1.00 g of alkali metal carbonate, M_2CO_3, is dissolved in water and made up to 250 cm^3 in a volumetric flask. 25.00 cm^3 portions of this solution are titrated against 0.113M hydrochloric acid. The average titre is 12.80cm^3. What element is M?

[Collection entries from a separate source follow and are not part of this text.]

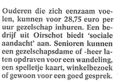 Als de gezelschapsdame of -heer die een uur gaat wandelen met de senior een afgestudeerd bioloog of ornitholoog is die onderweg geanimeerd kan vertellen over de flora en fauna, of als de dame of heer die een spelletje kaart wil komen spelen zich Nederlands kampioen kwartetten mag noemen, of als de senior tijdens het winkelbezoek een geschoolde diëtiste, of modedeskundige meekrijgt, of als het goede gesprek kan worden gevoerd met een gediplomeerd filosoof, dan is 28 euro 75 per uur een bespottelijk laag bedrag.
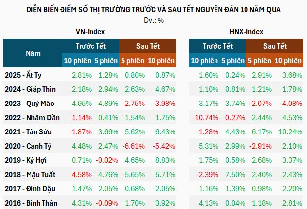 Dữ liệu của VietstockFinance trong giai đoạn 2016 – 2025 cho thấy, chỉ số VN-Index có 8 lần tăng điểm trong 5 phiên và 10 phiên giao dịch đầu tiên sau Tết, ngoại trừ hai năm 2020 và 2023.
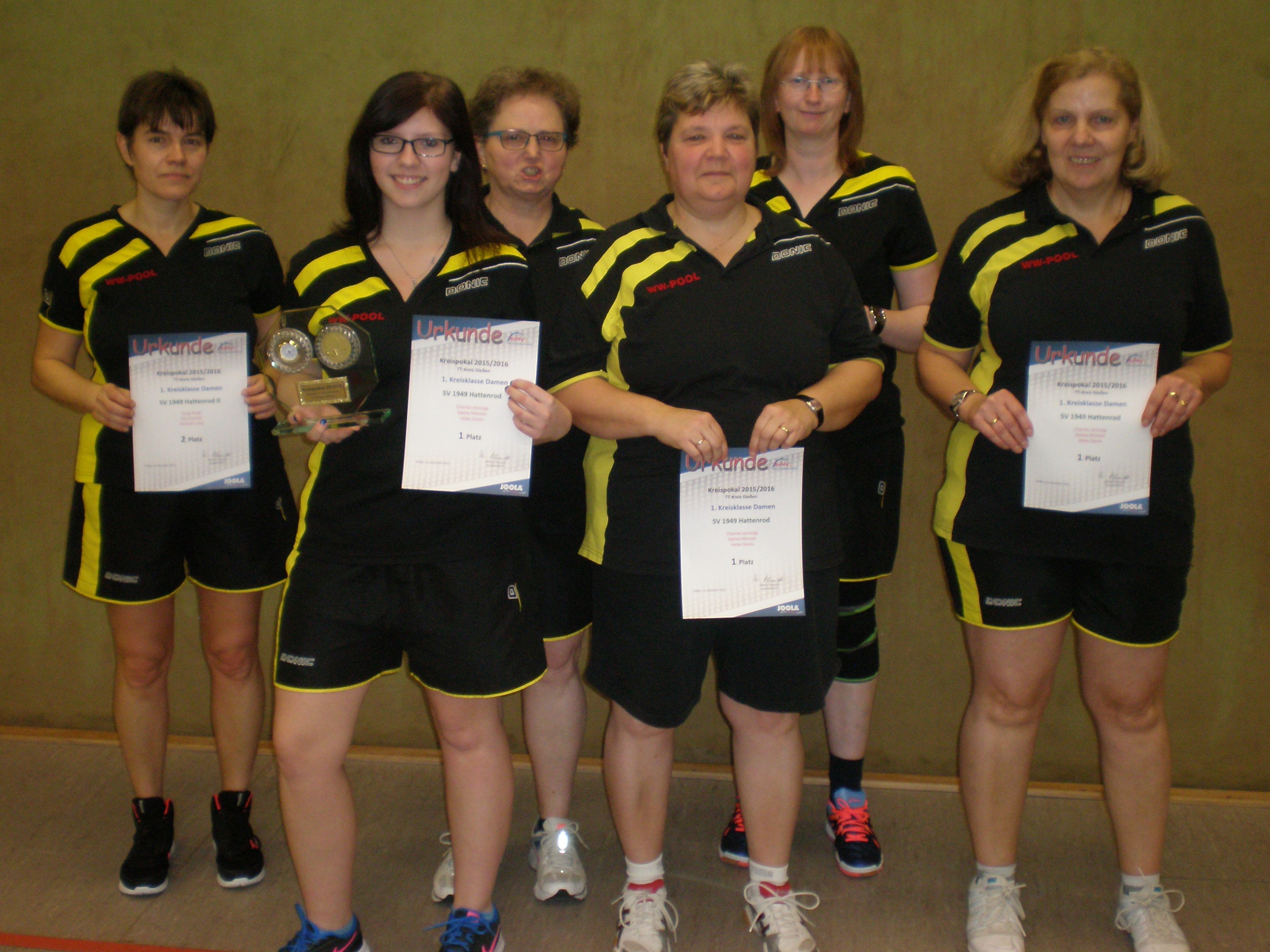 1. Kreisklasse Damen: Sieger SV Hattenrod (vordere Reihe), Zweiter SV Hattenrod II (hintere Reihe). (Foto: Stefan Fritsche)
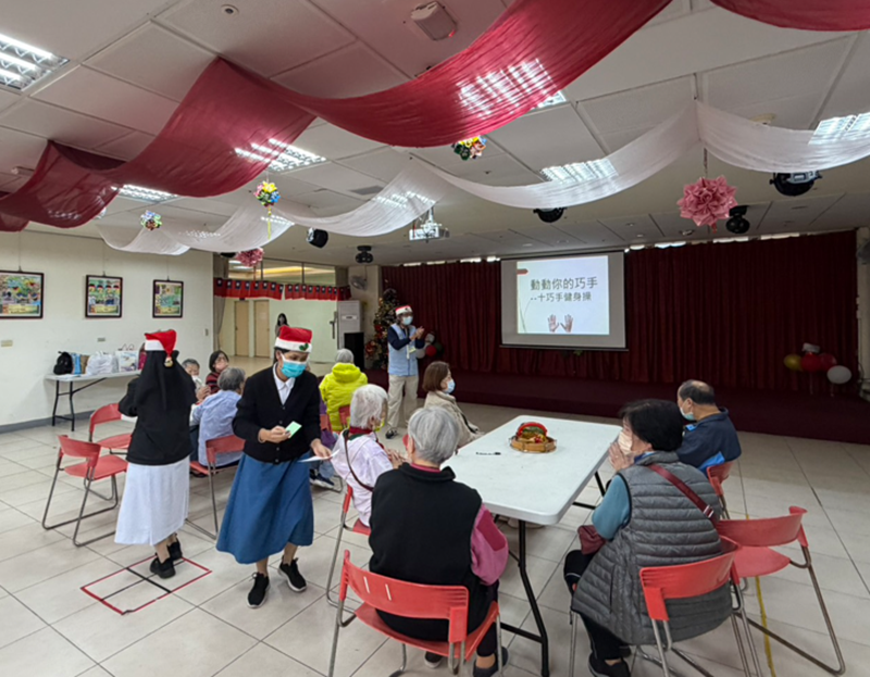 十二月的榮家洋溢著濃厚的聖誕氛圍! 新竹榮家今晨再度迎來天主教新竹耶穌聖心堂的志工們,以「天主在天受光榮,主愛的人在世享平安」為主題,為長輩們帶來一場充滿溫馨與祝福的聖誕心靈饗宴。 活動在莊嚴的祈禱中展開。為了讓長輩們保持活力,志工們領大家齊喊「要健康唷!」並示範十巧手,在數數聲中一起活動筋骨。接著,大家聆聽聖誕的故事,並溫柔吟唱經典**〈聖誕鈴聲〉**,重溫節日的喜悅。 活動高潮是溫馨的「傳聖嬰」儀式,長輩們在悠揚的**〈平安夜〉**歌聲中傳遞聖嬰,感受被愛與守護的溫暖。神父與修女也親自為每位長輩送上祝福,最後在感恩的祈禱與禮物分送中圓滿落幕。 活動不僅帶來聖誕的歡樂,更傳遞了心靈的平安與希望。感謝所有志工的無私付出,讓愛的光輝照亮每一位長輩的心房!
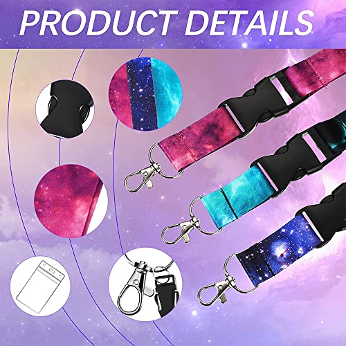 【Fashion Design】Abbiamo selezionato con cura 3 laccio portachiavi collo strisce di galassia colorati con diversi disegni.il design unico del cordino portachiavi è stampato su entrambi i lati di alta qualità,comodo da indossare.Puoi scegliere diversi colori di cordino porta badge da abbinare ai tuoi vestiti.

1.00 g of alkali metal carbonate, M_2CO_3, is dissolved in water and made up to 250 cm^3 in a volumetric flask.
25.00 cm^3 portions of this solution are titrated against 0.113M hydrochloric acid. The average titre is 12.80cm^3
Calculate:
a. The moles of HCl in the titre
b. The moles of M_2CO_3 in 25 cm3 of solution
c. The moles of M_2CO_3 in 250 cm3 of solution
d. The relative formula mass of M_2CO_3
e. The identity of M

1 Answer
Nov 14, 2017

One necessary initial step is to write the stoichiometric equation....

M_2CO_3(s) + 2HCl(aq) rarr2MCl(aq) + H_2O(l) + CO_2(g)uarr

Explanation:

"a. Moles of HCl in titre:"

12.8*cm^3xx10^-3*L*cm^-3xx0.113*mol*L^-1=1.45xx10^-3*mol

"b. Moles of carbonate in 25 mL aliquot:"

(12.8*cm^3xx10^-3*L*cm^-3xx0.113*mol*L^-1)/2=7.23xx10^-4*mol

"c. Moles of carbonate in 250 mL:"

7.23xx10^-4*molxx10=7.23xx10^-3*mol

"d. Formula mass of carbonate:"

=(1.00*g)/(7.23xx10^-3*mol)=138.3*g*mol^-1

"e. Identity of metal and metal carbonate:"

We know that the formula mass of M_2CO_3-=138.3*g*mol^-1.

Since the mass of CO_3^(2-) is 60*g*mol^-1, the mass of the metal is....(138.3-60.0*g*mol^-1)/2=39.1*g*mol^-1.

And a quick glance at the Periodic Table confirms that we gots potassium metal, and the carbonate is K_2CO_3.